Radosław Rybak: aspirowaliśmy do pierwszej czwórki, a tymczasem...
– Przed Nowym Rokiem mieliśmy bardzo dobrą passę i wspólnie z trenerem Krzysztofem Kowalczykiem aspirowaliśmy do tego, by znaleźć się w pierwszej czwórce PlusLigi. Teraz martwimy się o to, czy oby na pewno uda nam się awansować do play-offów. Mam nadzieję, że tak będzie – mówi kapitan AZS Politechniki Warszawskiej, Radosław Rybak.
Póki co drużyna z Warszawy zajmuje szóste miejsce w tabeli, ale teoretycznie wciąż istnieje zagrożenie, że podopieczni tymczasowego trenera Politechniki – Ireneusza Mazura wypadną z "ósemki".

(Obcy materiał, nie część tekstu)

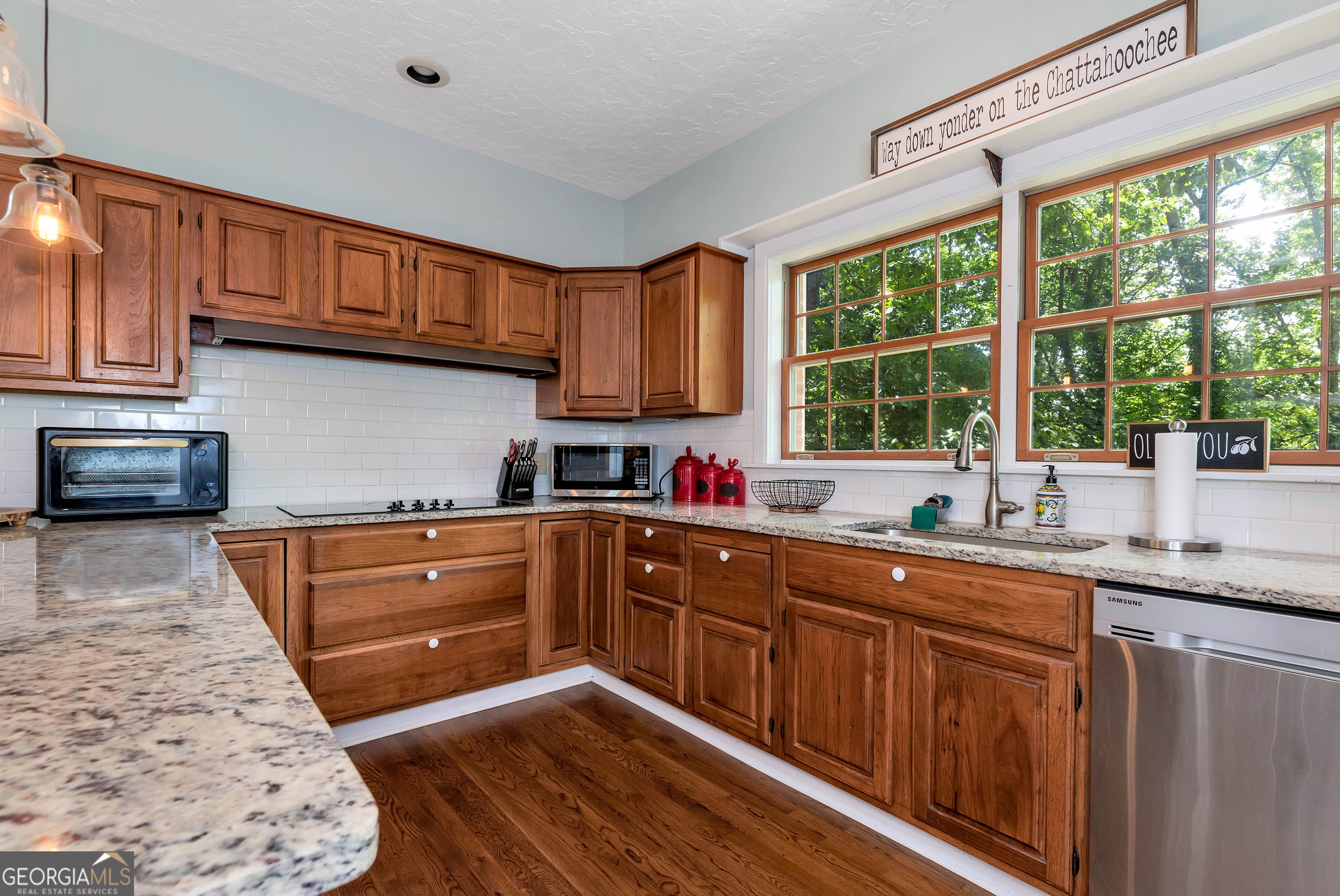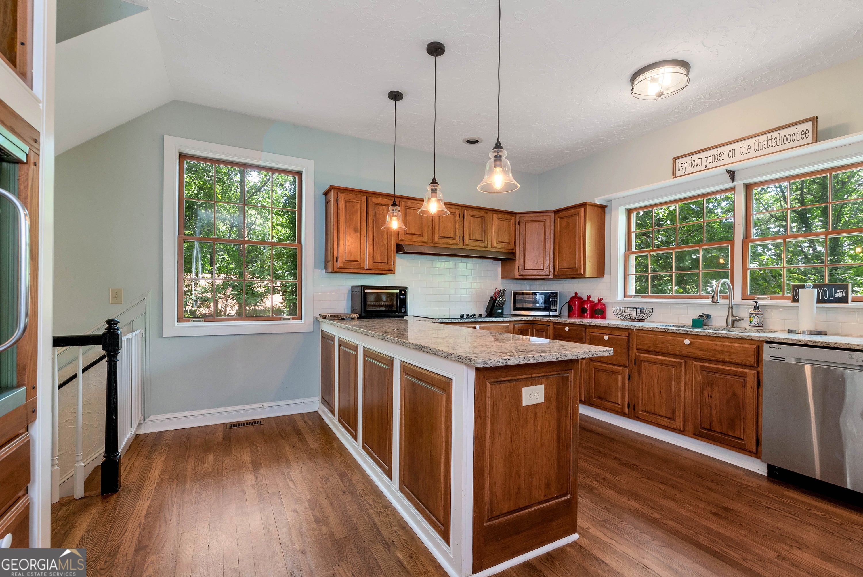 FULLY FURNISHED & ALL APPLIANCES INCLUDED- - move-in ready, instant weekend retreat or income producing Airbnb. ****4-sided brick home on the north end of Lake Lanier just north of the Olympic Rowing Center****Permitted single-slip dock with peaceful Chattahoochee-side access****Lake views from dining room and kitchen ****Beautiful refinished hardwood floors and new granite countertops & backsplash****Fresh interior paint, new carpet, updated lighting & ceiling fans****Spacious great room with masonry fireplace****Terrace-level in-law suite with private entrance, bedroom, bath, and living area****Walk-out patio overlooking the lake****Affordable opportunity for Lake Lanier living in Gainesville Georgia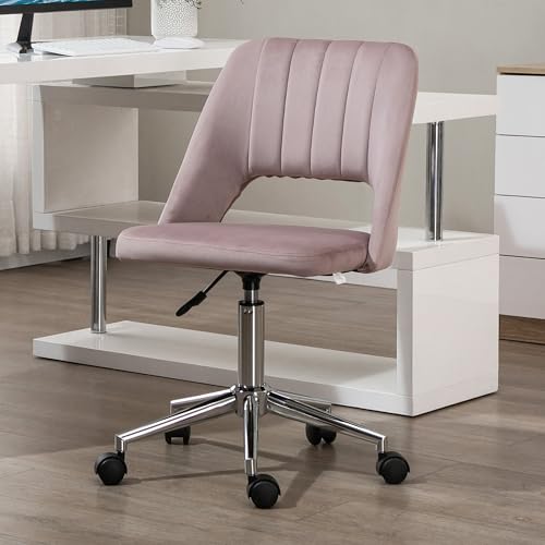 (Pink) Modern Swivel Office Chair, Dressing Table Chair,Pink Chair,Height Adjustable Padded Armless Desk Chair, Makeup Vanity Chair, Home Office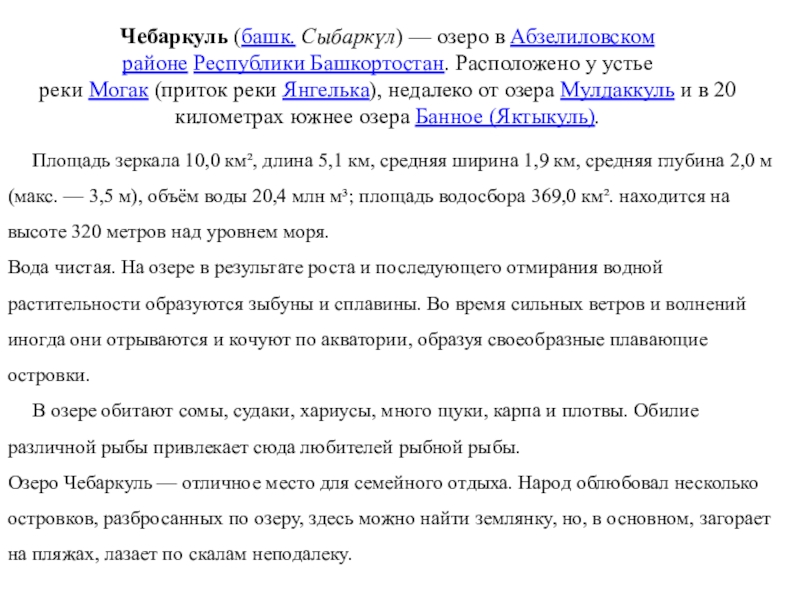 Озеро Чебаркуль — отличное место для семейного отдыха. Народ облюбовал несколько островков, разбросанных по озеру, здесь можно найти землянку, но, в основном, загорает на пляжах, лазает по скалам неподалеку.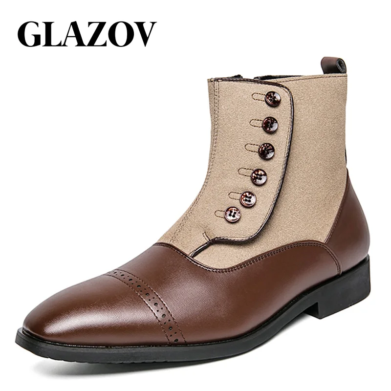 Новинка 2022, мужская обувь от бренда GLAZOV, модная трендовая натуральная черная обувь ручной работы из искусственной кожи, строченные белые Замшевые классические мужские ботильоны на пуговицах
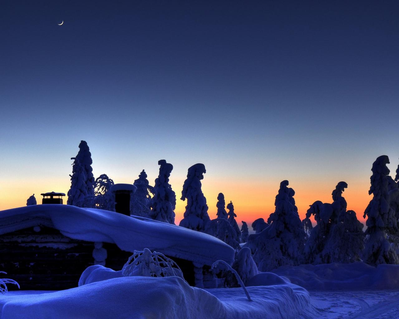 Зима, вечер, охотничий домик обои для рабочего стола, картинки, фото, 1280x1024. | |||||||||||||||||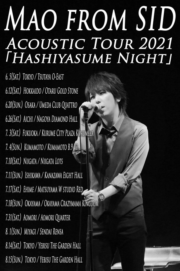 Aki - AKi Tour 2020 『Collapsed Land』 https://twitter.com/sid_staff/status...82998532526081 Mao - Acoustic Tour 2020 「Hashiyasume Night」 Both solo tours originally supposed to take place last year https://twitter.com/sid_staff/status...82997790007299 Also next month's SID LIVE 2020 -Star Forest- has been given the go ahead to continue even though I still think it's a bad idea for everything to proceed on :s

– Już tydzień temu w Bydgoszczy powinniśmy zapewnić sobie awans do fazy play off, a tymczasem wróciliśmy bez punktu i martwimy się, co będzie dalej. Przyznam, że po tamtym spotkaniu nie mogłem zasnąć, bo ciężko mi było przeboleć porażkę. Teraz jesteśmy w dość trudnej sytuacji, bo zmagamy się z różnego rodzaju problemami. Trener Mazur nie ma do dyspozycji wszystkich zawodników, nasza gra jest niepewna, nerwowa, brakuje nam świeżości, a to wszystko przekłada się na brak wyników.

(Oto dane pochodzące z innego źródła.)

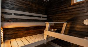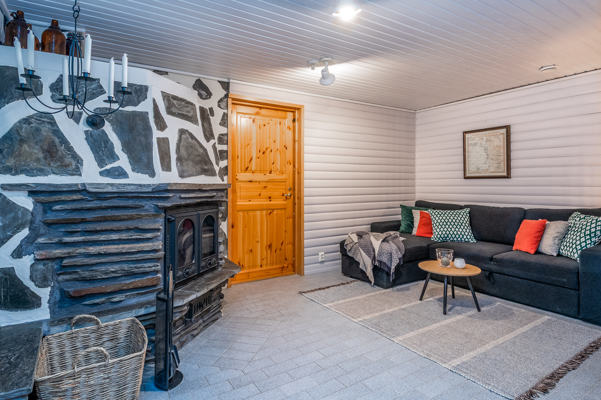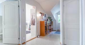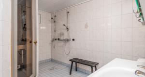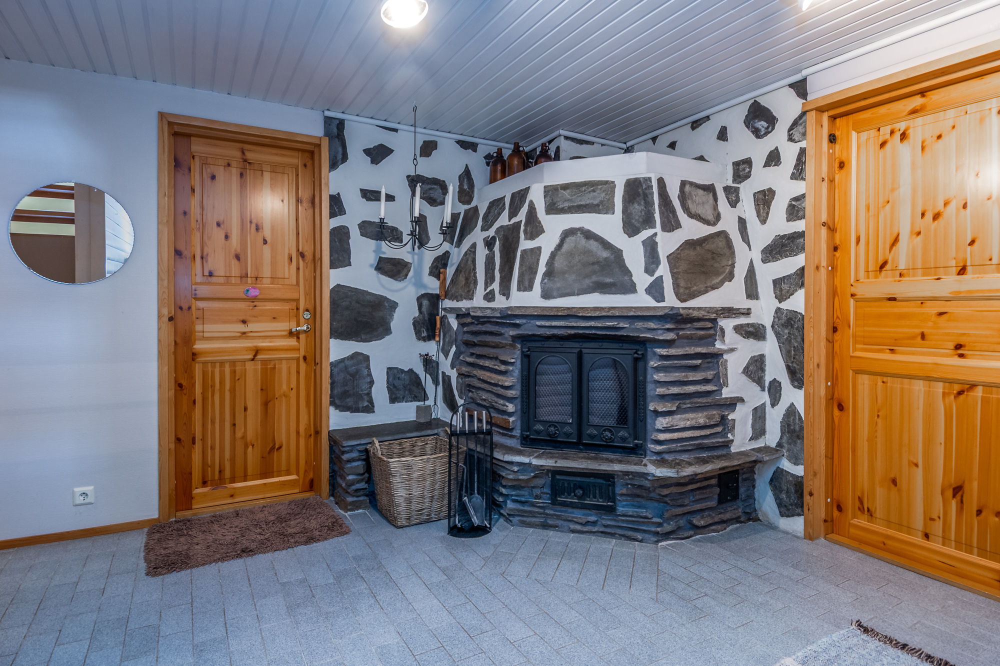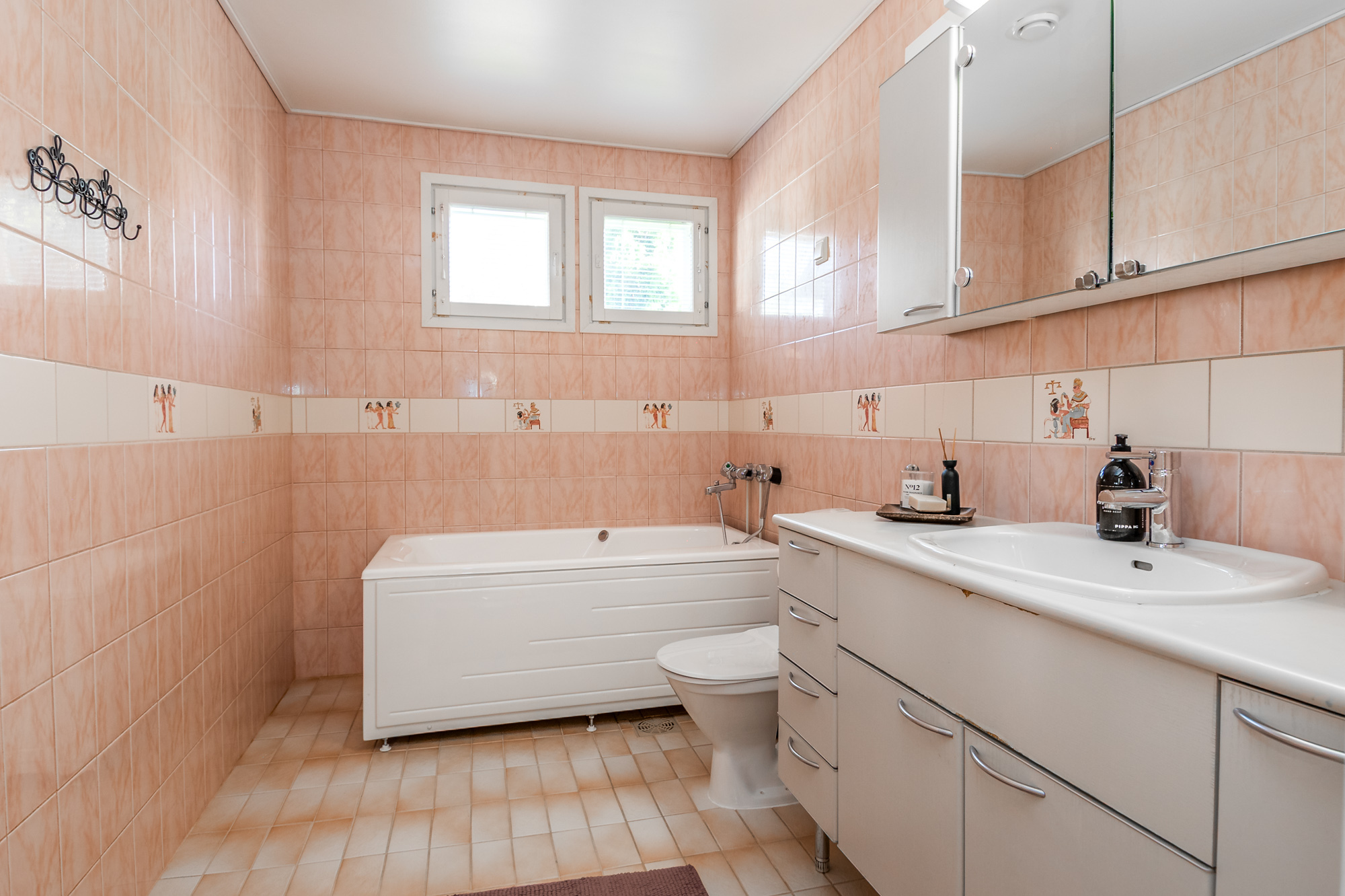 Isot kylpyhuoneet molemmissa asuinkerroksissa - saunatilat kellarikerroksessa. Suihku siten asunnon jokaisessa kerroksessa. Kaikissa pesutiloissa lattialämmitys (vesikierto).

Między innymi te właśnie czynniki zadecydowały o porażce Politechniki w niedzielnym meczu przeciwko Jadarowi Radom 2:3. Radosław Rybak podkreślił jednak, że mimo wszystko było to zdecydowanie lepsze spotkanie w wykonaniu warszawiaków niż to z Delectą. – Myślę, że małymi kroczkami idzie ku dobremu i powoli wracamy do swojego rytmu. Z Jadarem zagraliśmy zdecydowanie lepiej niż z Bydgoszczą. Jeśli wszyscy zawodnicy uporają się z problemami zdrowotnymi, to zespół wróci do dobrej formy – powiedział atakujący Politechniki.
Optymalna forma powinna wrócić jak najszybciej, bo już w najbliższy piątek akademików z Warszawy czeka bardzo ważny mecz z Treflem Gdańsk. Jeśli Politechnika go wygra, awans do fazy play-off będzie już miała zapewniony. – Wbrew pozorom nie będzie to dla nas łatwy mecz. Musimy pamiętać, że w Treflu gra kilku wartościowych zawodników. Mimo, że szans na awans do „ósemki” praktycznie już nie mają, to trzeba być czujnym, bo przecież nie przyjadą do Warszawy po to, żeby bez walki oddać nam trzy punkty. Chcemy dobrze zaprezentować się w tym spotkaniu, żeby przede wszystkim samym sobie coś udowodnić – podkreślił Radek Rybak.